吸収した魔力はそのままメグへ還元されていた。
隊員達。
「魔力を吸ってる……。」
メグ。
「そのまま寝てなさい。」
指を鳴らす。
パチン。
ゴゴゴゴゴ……
巨大な『魔人形』。
出現。
強盗達の前へ立つ。
リーダー格。
「ふざけるなぁぁぁ!!」
火球。
水撃。
雷刃。
全力で放つ。
しかし。
ガギィィィィン!!
魔人形。
無傷。
「え?」
「は?」
魔人形の拳。
ドゴォォォン!!
強盗団。
まとめて吹き飛ぶ。
壁へ激突。
完全制圧。
隊員達。
「……。」
「後衛とは?」
メグは魔人形を回収しながらを小さく笑った。
「だから言ったじゃない、大丈夫だって。」
同時刻。
仙台。
探索者学校。
訓練場。
生徒達が木剣を振っていた。
その前。
カレン。
特別講師として招かれている。
教師達も周囲で指導中。
全員C級。
探索者学校の教師らしく十分強い。
近接戦闘教師。
「踏み込みが甘い!」
「腰を落とせ!」
魔法学教師。
「近接と魔法の連携を意識しろ!」
生徒達は真剣に訓練する。
その時だった。
警報。
ビーッ!!
ビーッ!!
訓練場全体へ鳴り響く。
教師達の表情が変わる。
通信。
「暴漢侵入!」
「校舎西側!」
近接戦闘教師。
「生徒達は全員避難!」
「教師陣出動!」
生徒達。
ざわつく。
教師達は即座に現場へ向かった。
暴走一般人。
違法アーティファクト装備。
十数名。
校舎からその様子を見る。
カレンが前へ出た。
剣を抜く。
キィン……
暴走者達。
一斉に突撃。
舞うように優雅に斬り払って行く。
魔法学教師。
「援護する!《大火球》!」
巨大な火球が暴漢数人を吹き飛ばす。
近接格闘教師。
「落とします!《剛進落》!!」
タックルし肘鉄をお見舞いし意識を奪う。
カレン。
静かに息を吐いた。
「終わりです。」
次の瞬間。
斬撃。
それは竜巻のように広がった。
ドォォォォォォォッ!!
暴走者達。
まとめて吹き飛ぶ。
建物。
地面。
壁。
全員叩き付けられる。
一撃。
終了。
教師達。
「相変わらずすごいですね……。」
生徒達。
言葉を失う。
「これが……。」
「PRIME……。」
カレンは静かに剣を鞘へ戻した。
そして。
何事も無かったかのように訓練場へ戻る。
「では続けましょうか。」
生徒達。
全員直立。
その瞳には憧れが宿っていた。
夜。
特魔災害対策庁本部。
PRIME。
再集結。
回収されたアーティファクト。
拘束された犯人達。
そして。
各地で発生した事件。
メグが解析結果を見ながら口を開く。
「資金力も技術力も異常ね。」
「あの量のアーティファクト全部に精神干渉効果を付与してるんだから。

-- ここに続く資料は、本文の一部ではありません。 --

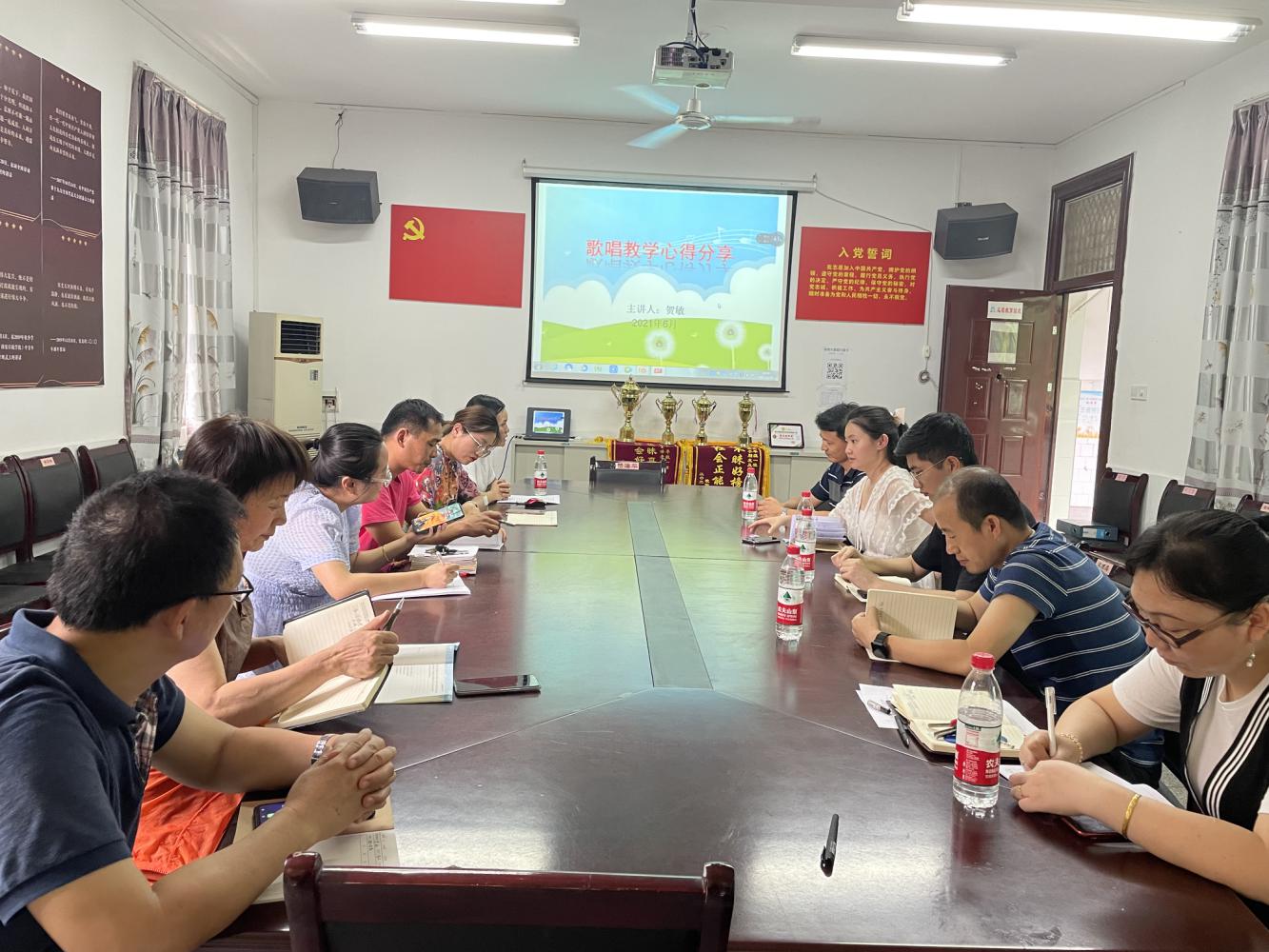 为加快推进新时代农村留守儿童素质教育的发展,促进教育公平惠及边远地区。6月16日下午,茶山小学一行四人在钱校长的带领下来到玄碧塘小学,在会议室,玄碧塘小学党支部书记贺敏作了"歌唱教学心得分享"的主题分享会,和大家一起讨论了目前我们音乐教学上应当思考的几个问题:1、上了六年音乐课,学生到底能唱多少歌?2、课堂上会唱的歌,课后多少人会唱?3、生活中爱唱的歌,老师们教的有多少?两校的音乐专业的老师积极讨论,互相学习,取长补短,气氛热烈,颇有成效。

普通の工房じゃ絶対無理。」
闇風も頷く。
「俺が潰したのはネメシス傘下の一組織だ。」
「本体はもっと上にいる。」
カレン。
「全国同時。」
「計画性があります。」
青真は腕を組む。
「面倒な相手だな。」
蓮は静かに資料を閉じた。
「次は根を叩く。」
会議室。
空気が張り詰める。
ネメシス。
その巨大な影が、少しずつ姿を現し始めていた。